→ **Collected data**:
· · · · ·

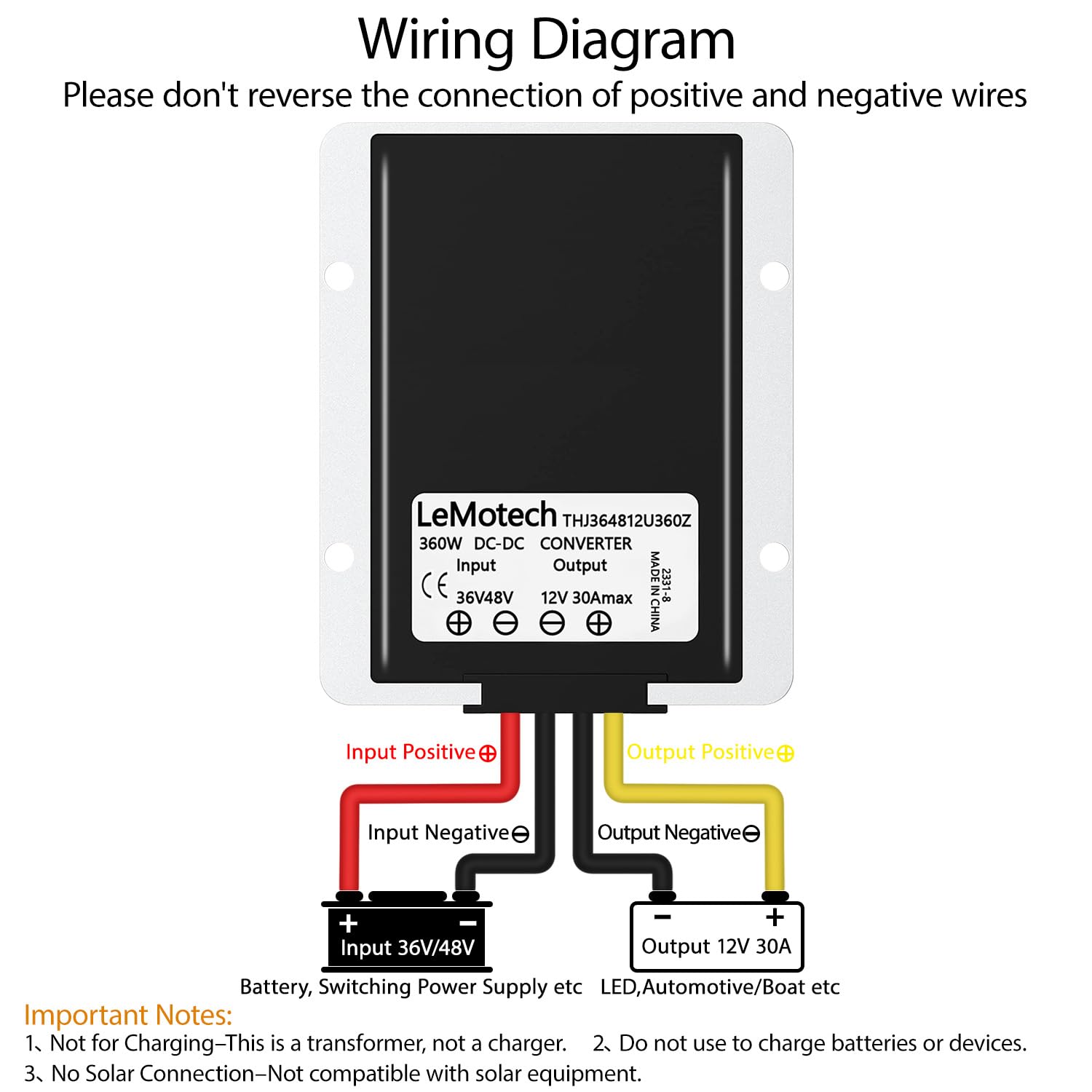 [ DC 36V/48V to 12V 30A Converter ] Input voltage range: DC 30-60V; Output voltage: 12V; Output current: 30A; Output power: 360W.
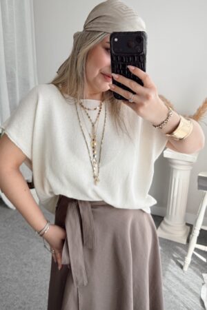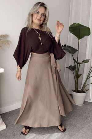 Kahve Pamuk Yarasa Kol Crop Merserize Bluz
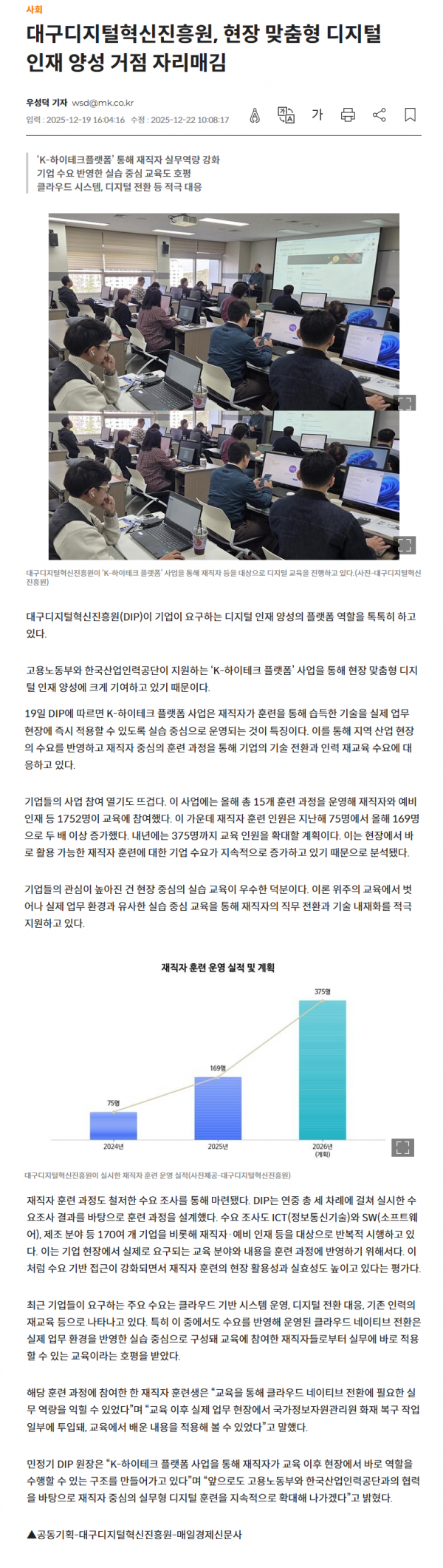 대구디지털혁신진흥원, 현장 맞춤형 디지털 인재 양성 거점 자리매김

· · · · ·

→ **Exercise brief**:
Write out all the data exactly, minus pictures.

→ **Task solution**:
 [ DC 36V/48V to 12V 30A Converter ] Input voltage range: DC 30-60V; Output voltage: 12V; Output current: 30A; Output power: 360W.
 Kahve Pamuk Yarasa Kol Crop Merserize Bluz
 대구디지털혁신진흥원, 현장 맞춤형 디지털 인재 양성 거점 자리매김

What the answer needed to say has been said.